As shown in 204 of FIG. 2, in data transmission from the Home (patient cell phone 108), the communications device (i.e., patient cell phone 108) in the home will transmit the readings along with answers to health assessment questions gathered from the patient to a server 102 on the Internet 106 broadband connectivity.

As shown in 206 of FIG. 2, in data transmission from the server 102, the central data repository server 102 includes an Internet-based data repository service which sends de-identified patient readings to the Remote Monitoring Data Repository™ (RMDR) clinical system behind the firewall via a web services interface. The Remote Monitoring Data Repository™ includes a database, which is structured to interact with the other enterprise clinical systems (VitelNet™ Provides), which receives remotely monitored data points on patients and matches those readings to identified patient information.

As shown in 208 of FIG. 2, in patient-provider communication, the patient is able to see their daily readings reflected in the in-home data collection through a portal 102 (i.e., the Internet 106). A practitioner such as a Remote Monitoring nurse will view the patient readings in a portal designed to create a dashboard for managing many patients at once, such as the physician workstation 104.

In the above-mentioned embodiments of the present invention:

    • a. Cell phone text technology can be used to push a survey question to a patient.
    • b. Survey questions and response options can be developed for display and reading on a standard cell phone window.
    • c. Patient response to text message can be formatted using Likert scale; the higher number response indicates greater severity.
    • d. When the patient selects a response it can be automatically no intervention by the patient, sent to a central data repository using cellular technology.
    • e. The patient response can be automatically filed to the patient record and be assigned a color code (green, yellow, and red).
    • f. Yellow or red classification response can trigger the automatic sending of a text message to the attending physician indicating identity of the patient, phone, and priority of attention needed.
    • g.
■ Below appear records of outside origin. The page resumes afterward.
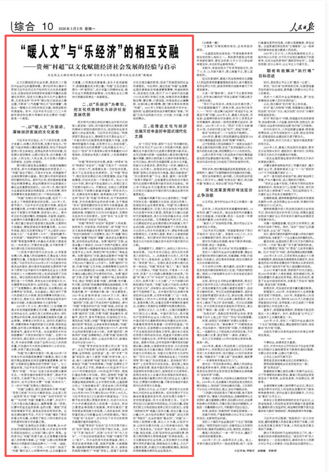 今天,《人民日报》以五分之三个版刊发马克思主义理论研究和建设工程“习近平文化思想在贵州的生动实践”课题组撰写的文章《“暖人文”与“乐经济”的相互交融——贵州“村超”以文化赋能经济社会发展的经验与启示》。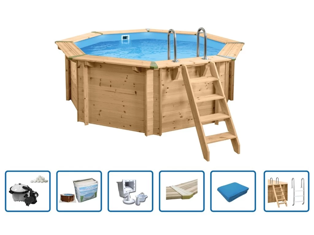 Geniet van jarenlang zorgeloos zwemplezier met dit prachtige houten zwembad.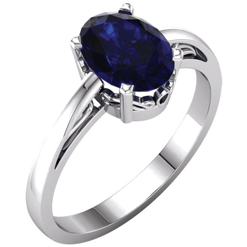 14kt white gold ring features a 1.75 ct oval Chatham created blue sapphire and scroll design. Gemstone details: 8mm x 6mm, gem quality. Weight: 1.9 grams. Please note: weight is approximate, actual weight may vary.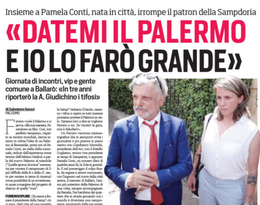L'edizione odierna del "Corriere dello Sport" approfondisce la visita a Palermo di Massimo Ferrero. Il presidente blucerchiato lancia in orbita...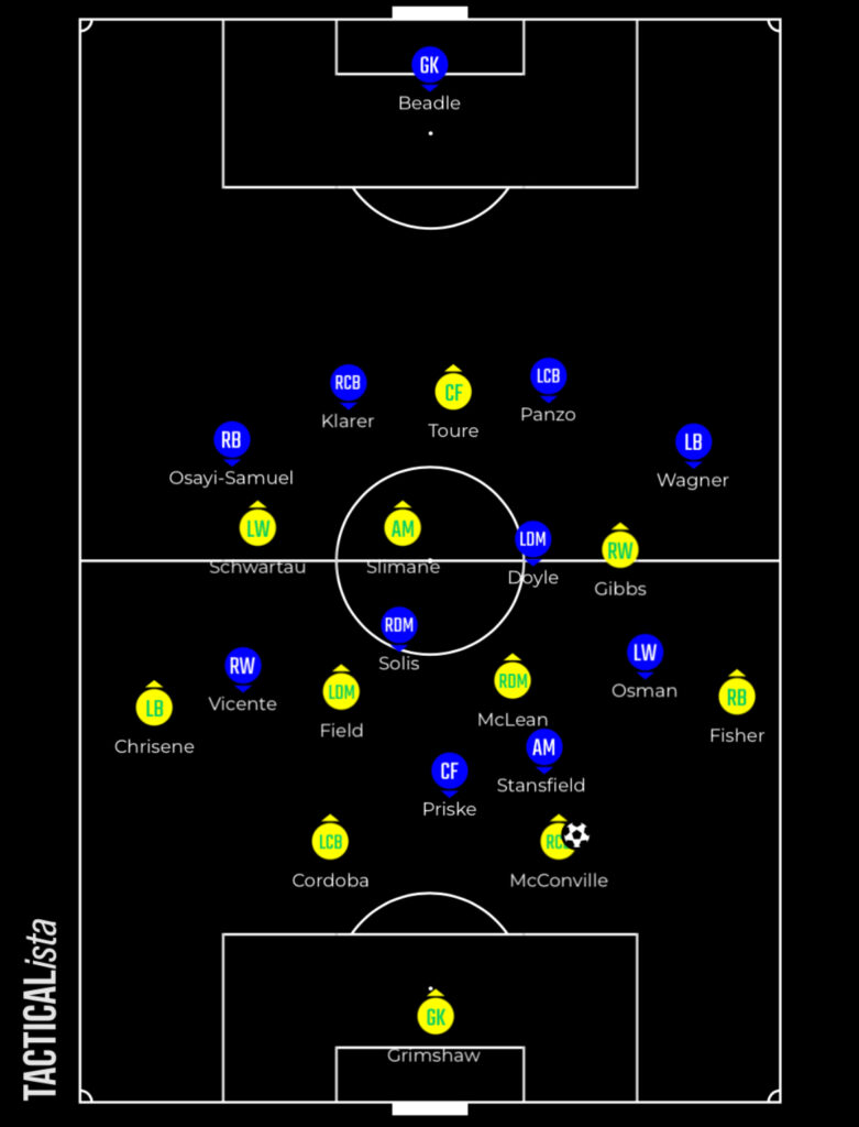 This then leaves big areas down the channels where the full-backs (Ben Chrisene and Fisher) can exploit. What’s key about this is because the players are close together they can combine quickly and move the ball across midfield in a short space of time.

Non-response after a time period can trigger the automatic sending of a text message to the attending physician indicating identity of the patient, phone, and priority of attention needed.

The embodiments can be implemented in computing hardware (computing apparatus) and/or software, such as (in a non-limiting example) any computer that can store, retrieve, process and/or output data and/or communicate with other computers. The results produced can be displayed on a display of the computing hardware. A program/software implementing the embodiments may be recorded on computer-readable media comprising computer-readable recording media. The program/software implementing the embodiments may also be transmitted over transmission communication media. Examples of the computer-readable recording media include a magnetic recording apparatus, an optical disk, a magneto-optical disk, and/or a semiconductor memory (for example, RAM, ROM, etc.). Examples of the magnetic recording apparatus include a hard disk device (HDD), a flexible disk (FD), and a magnetic tape (MT). Examples of the optical disk include a DVD (Digital Versatile Disc), a DVD-RAM, a CD-ROM (Compact Disc-Read Only Memory), and a CD-R (Recordable)/RW. An example of communication media includes a carrier-wave signal.
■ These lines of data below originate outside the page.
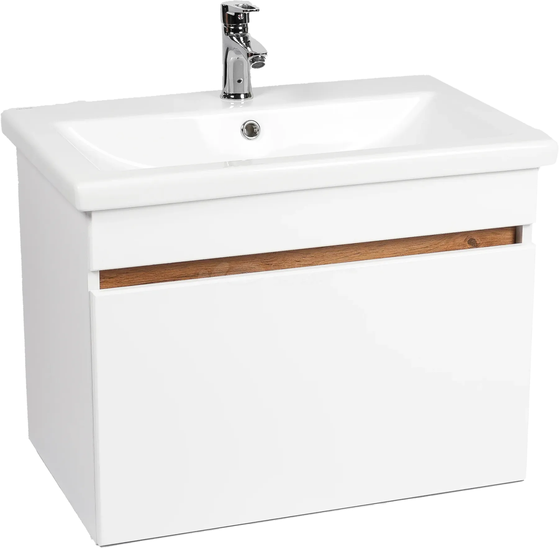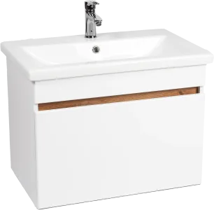 Тумба с раковиной VIANT Мальта 70 подвесная, белая, дуб вотан, 1 ящик
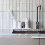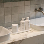 Its elongated shape creates room for soap dispensers, hand soap and creams, or dish brushes, while the gently curved lip keeps everything right where it belongs. Made from durable, easy-to-clean silicone, it resists spills, wipes down easily, and stays put, making it a practical addition to kitchens, bathrooms, and beyond.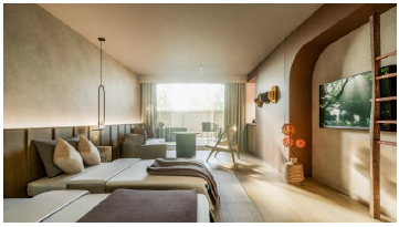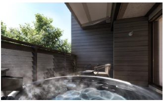 客室デザインは、落ち着いた木目とベージュトーンのカラースキームの中に、柔らかな曲線形状壁やアートがアクセントとなっており、温かみのあるアンビエント照明と信楽焼温泉露天風呂付の客室では自然の中に溶け込むようなくつろぎ体験をお楽しみいただけます。

Further, according to an aspect of the embodiments, any combinations of the described features, functions and/or operations can be provided.
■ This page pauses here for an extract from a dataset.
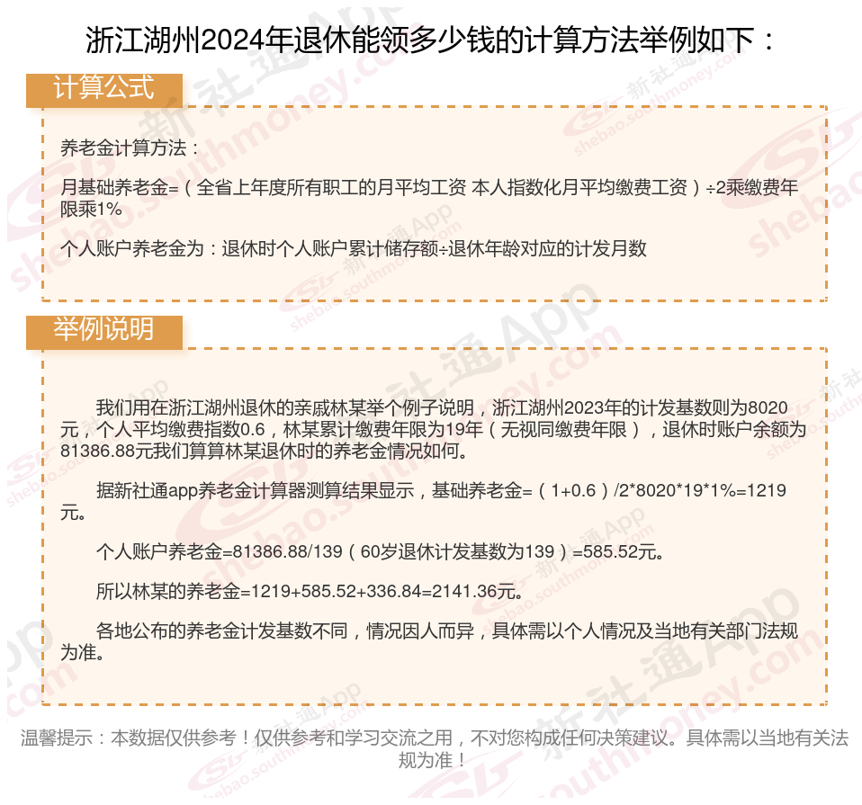 浙江湖州退休工资养老金计算方法及公式2024年最新(举例说明)

The many features and advantages of the embodiments are apparent from the detailed specification and, thus, it is intended by the appended claims to cover all such features and advantages of the embodiments that fall within the true spirit and scope thereof. Further, since numerous modifications and changes will readily occur to those skilled in the art, it is not desired to limit the inventive embodiments to the exact construction and operation illustrated and described, and accordingly all suitable modifications and equivalents may be resorted to, falling within the scope thereof.